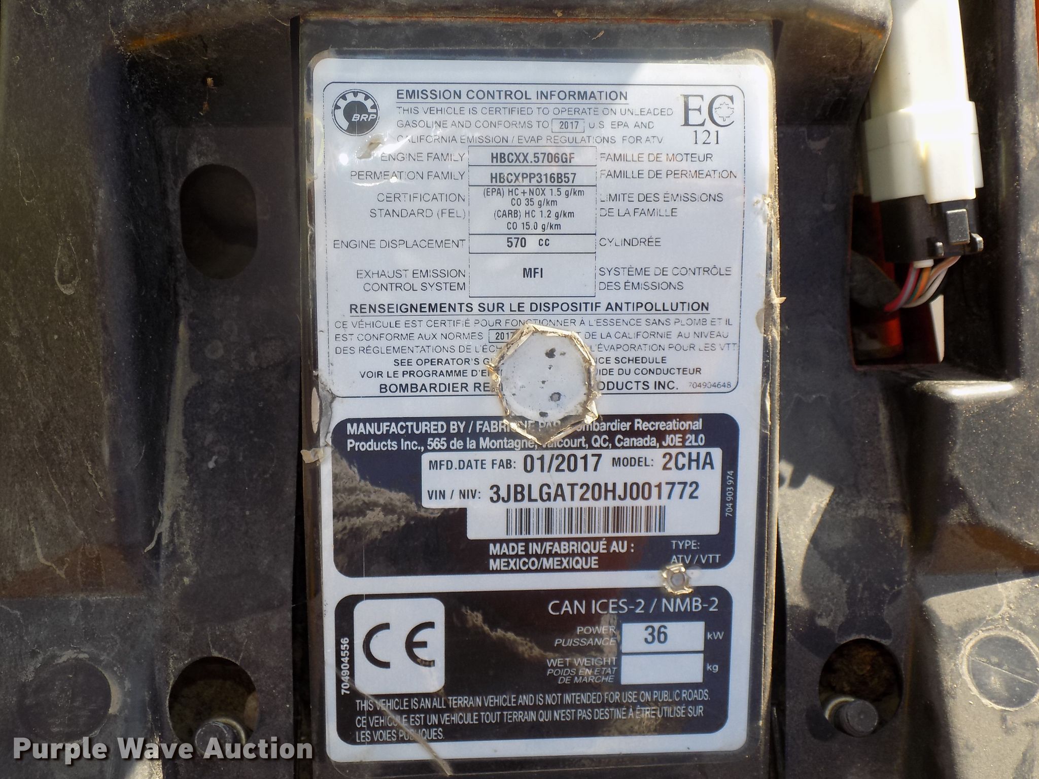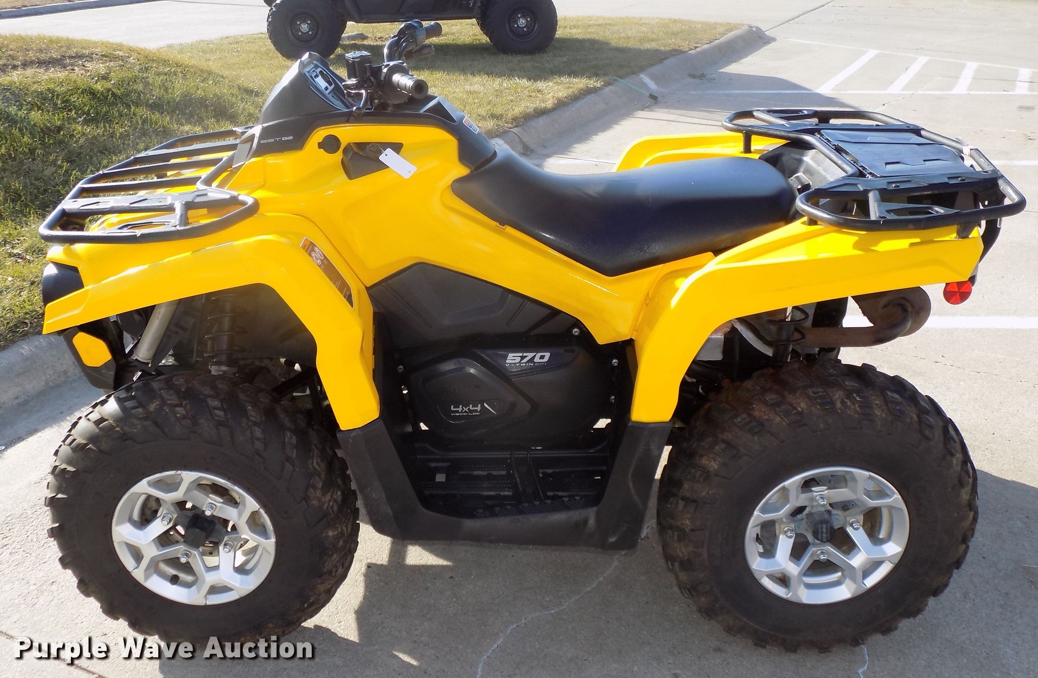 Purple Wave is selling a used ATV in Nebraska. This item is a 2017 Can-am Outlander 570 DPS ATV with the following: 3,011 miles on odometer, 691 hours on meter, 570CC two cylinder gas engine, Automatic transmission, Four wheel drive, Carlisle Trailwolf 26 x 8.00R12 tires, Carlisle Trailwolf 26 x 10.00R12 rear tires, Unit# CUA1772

● ● ●

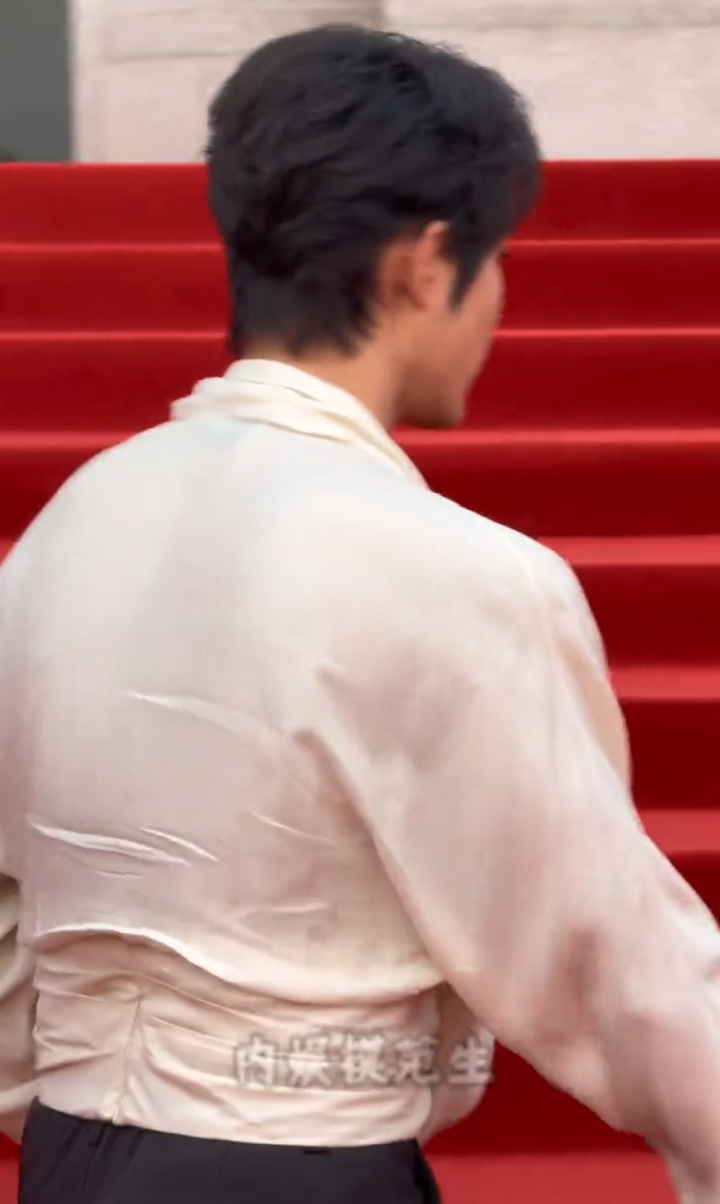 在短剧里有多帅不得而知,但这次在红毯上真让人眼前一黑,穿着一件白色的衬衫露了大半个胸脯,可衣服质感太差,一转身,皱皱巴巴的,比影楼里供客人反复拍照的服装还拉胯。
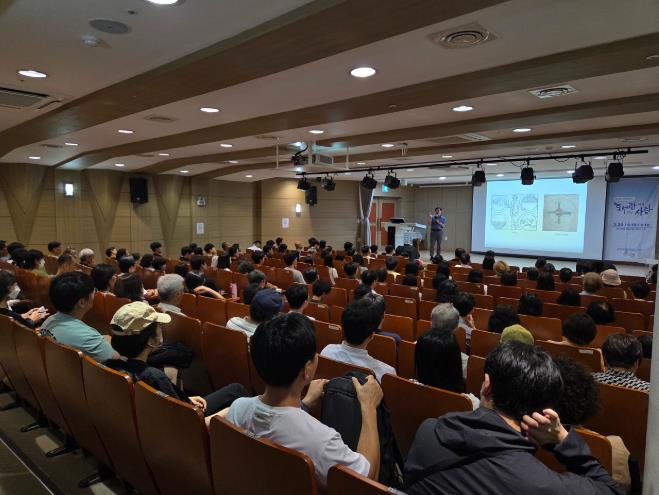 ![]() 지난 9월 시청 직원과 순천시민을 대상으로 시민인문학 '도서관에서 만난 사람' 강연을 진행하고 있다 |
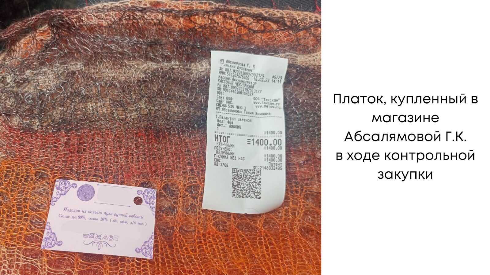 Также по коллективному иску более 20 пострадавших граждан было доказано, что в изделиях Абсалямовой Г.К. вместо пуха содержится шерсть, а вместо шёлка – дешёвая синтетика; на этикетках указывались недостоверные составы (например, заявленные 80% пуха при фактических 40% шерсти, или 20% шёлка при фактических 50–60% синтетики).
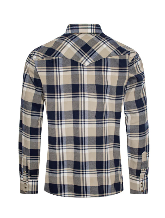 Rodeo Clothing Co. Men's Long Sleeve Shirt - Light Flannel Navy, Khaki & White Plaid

● ● ●

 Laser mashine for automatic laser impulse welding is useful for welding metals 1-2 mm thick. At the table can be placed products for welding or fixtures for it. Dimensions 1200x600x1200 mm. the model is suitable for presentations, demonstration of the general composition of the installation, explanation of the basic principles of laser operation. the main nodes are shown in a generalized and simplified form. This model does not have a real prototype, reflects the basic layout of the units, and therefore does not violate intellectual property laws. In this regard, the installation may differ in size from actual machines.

● ● ●

> _Problem requirements_: Using the listing above, repeat word for word each line from the one with "在短剧里有多帅不得而知,但这" down to the one with "Rodeo Clothing Co.", both included. Omit all pictures.

> _Result of this exercise_:
 在短剧里有多帅不得而知,但这次在红毯上真让人眼前一黑,穿着一件白色的衬衫露了大半个胸脯,可衣服质感太差,一转身,皱皱巴巴的,比影楼里供客人反复拍照的服装还拉胯。
 ![]() 지난 9월 시청 직원과 순천시민을 대상으로 시민인문학 '도서관에서 만난 사람' 강연을 진행하고 있다 |
 Также по коллективному иску более 20 пострадавших граждан было доказано, что в изделиях Абсалямовой Г.К. вместо пуха содержится шерсть, а вместо шёлка – дешёвая синтетика; на этикетках указывались недостоверные составы (например, заявленные 80% пуха при фактических 40% шерсти, или 20% шёлка при фактических 50–60% синтетики).
 Rodeo Clothing Co. Men's Long Sleeve Shirt - Light Flannel Navy, Khaki & White Plaid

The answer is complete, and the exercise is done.